Subject: Re: Fig Cake with Loblolly Sauce
Date: 9/17/2018 10:46 AM
On 9/16/2018 9:15 PM, Lisa wrote:
Greetings Uncle Phaed,
A friend is looking for a loblolly, or maybe lop lolly, sauce recipe for a fig cake her grandmother
used to make. The grandmother lived in the Green, NY area. She made a layered white cake and added
fig jam between the layers (she boiled the figs in sugar and water until thickened), She cooked the
loblolly sauce on top of the stove then poured over the cake.
Sorry, I cannot find any mention of a sauce called "loblolly", "lob lolly", "loplolly", or "lop lolly."
I checked not only on the Internet, but also in regional, historical, and other cookbooks.
There is a savory stew called "loblolly", and "hasty pudding" was sometimes been called "loblolly."
British sailors called their gruel "loblolly."
I must say also that I could not find a town in New York called simply "Green, NY." It must be so
tiny as not to be on maps or it must have been abandoned long ago.
I will post this for reader input.
This is not a recipe for "fig cake with loblolly sauce,", but it occurs to me that since "hasty pudding"
was once known as "loblolly," the sauce that is served over "hasty pudding" might have once been called
"loblolly sauce", and some cooks may have served it over other desserts, such as fig cake.
See below for a recipe from here: http://www.welike2cook.com/2013/11/cornmeal-hasty-pudding.html
Hasty Pudding Sauce
1/2 teaspoon baking soda
1 tablespoon maple syrup
1 teaspoon vanilla
In a sauce pan mix all ingredients.
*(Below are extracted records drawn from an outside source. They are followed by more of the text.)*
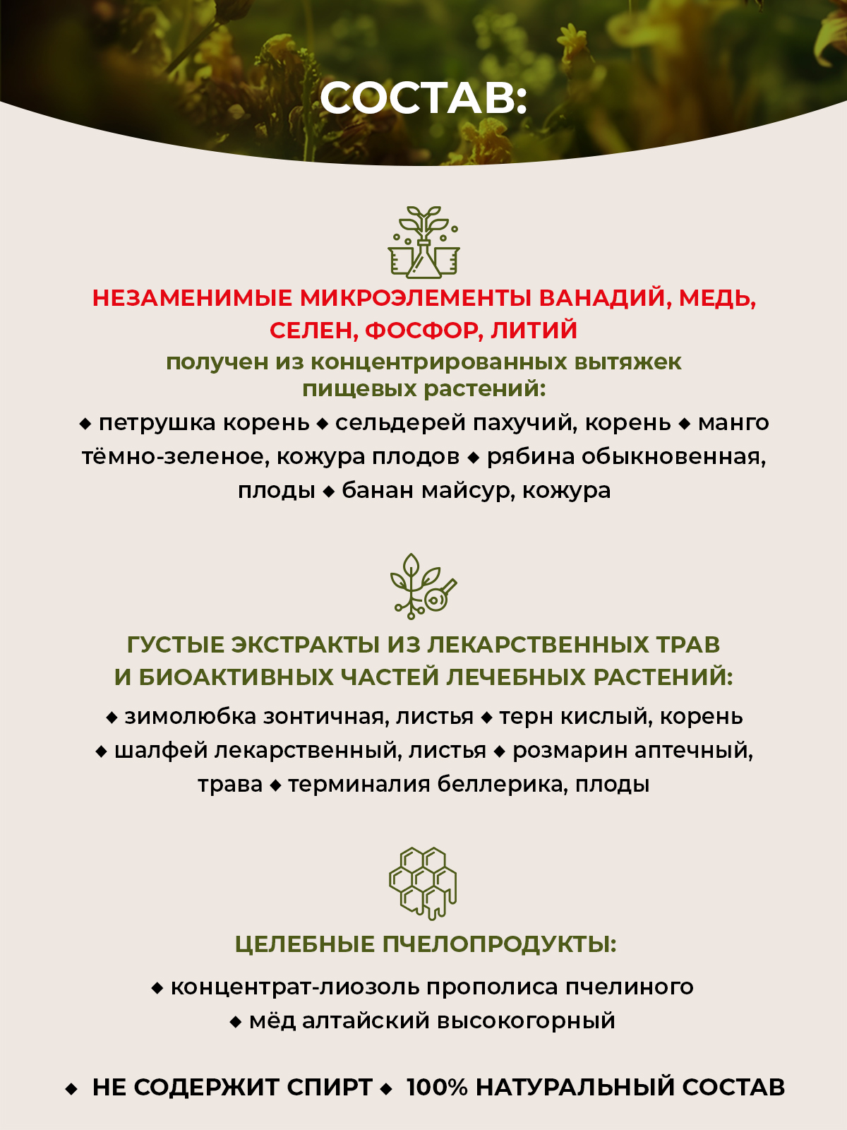 Микроэлементы Ванадий, Медь, Селен, Фосфор и Литий получены из концентрированной вытяжки из растительных пищевых продуктов:
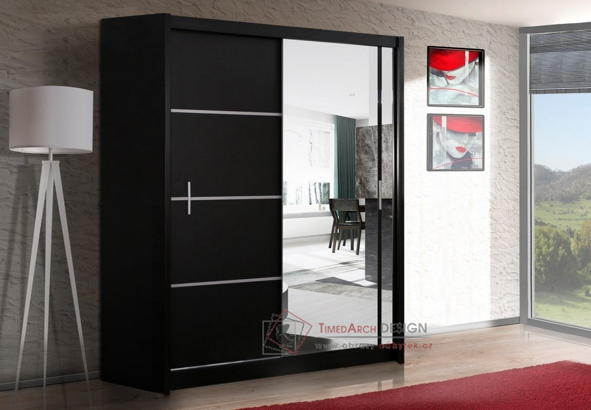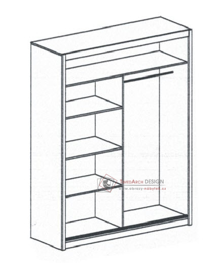 Šatní skříň s posuvnými dveřmi VISTA je vyrobená z laminované DTD v barvě černý mat. Dveře jsou osazeny zrcadlem. Uspořádání polic viz. perokresba.
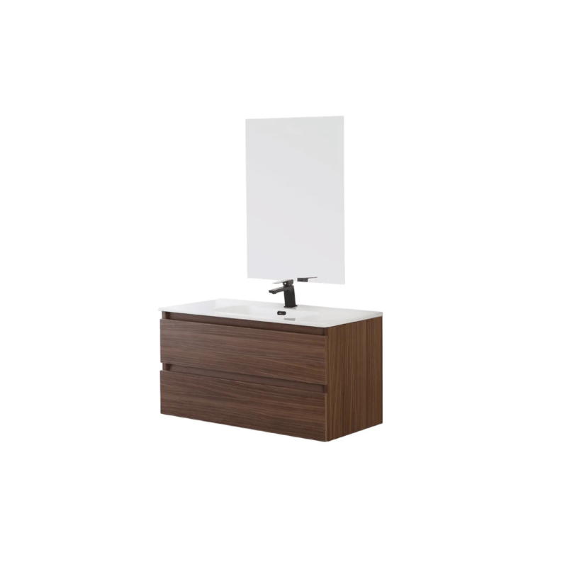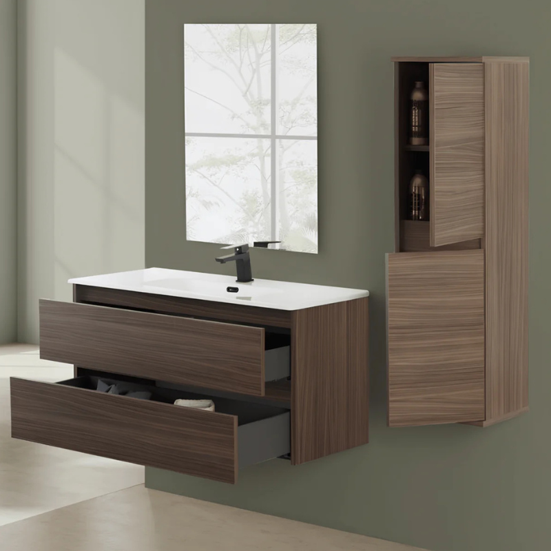 Il mobile bagno sospeso Revital in finitura noce canaletto è una proposta dal design caldo e contemporaneo, ideale per ambienti eleganti e funzionali. Realizzato in resistente nobilitato melaminico, si compone di una struttura con due cassetti ad estrazione totale dotati di guide soft-close, per una chiusura delicata e silenziosa. Il lavabo in ceramica bianca da 101x46x1,5 cm, con vasca interna da 46,5x26 cm, è progettato per garantire praticità e stile. Completa la composizione lo specchio a filo da 80x60 cm.

Bring to a boil for 1 minute. Serve warm over hasty pudding.
Subject: 9/16/2018 query from Lisa re: Fig Cake w/ Lop lolly sauce
Date: 12/20/2019, 4:40 PM
This came up when I googled 'loplolly sauce'. My grandmother always made and served
a steamed pudding, 'Suet Pudding" as she called it, on Christmas eve that she served
with 'Loplolly'. Since she never used recipes and made everything from memory and
without any measuring instruments, it is not known exactly what went into her cooking.
My mother recreated a recipe for the pudding, made from stale bread, flour, raisins,
spices and ground Suet. But had never been able to duplicate the Loplolly which was
a thin, slightly sweet white sauce made with milk or water and flour or cornstarch,
sugar and usually lemon juice. It was really great on the pudding. Since my mother's
death, my wife makes a pudding every Christmas, substituting Crisco shortening for
the Suet. I've tried to duplicate the Loplolly but have never matched it.
I don't know where it came from, My grandfather came from Wales and my Grandmother's
ancestors were Welsh and English. Incidentally Lisa refers to her Grandmother being
born in Green, NY. My 3rd GGrandmother was born in Greene County, NY. I wonder if
this is the Green reference she gives.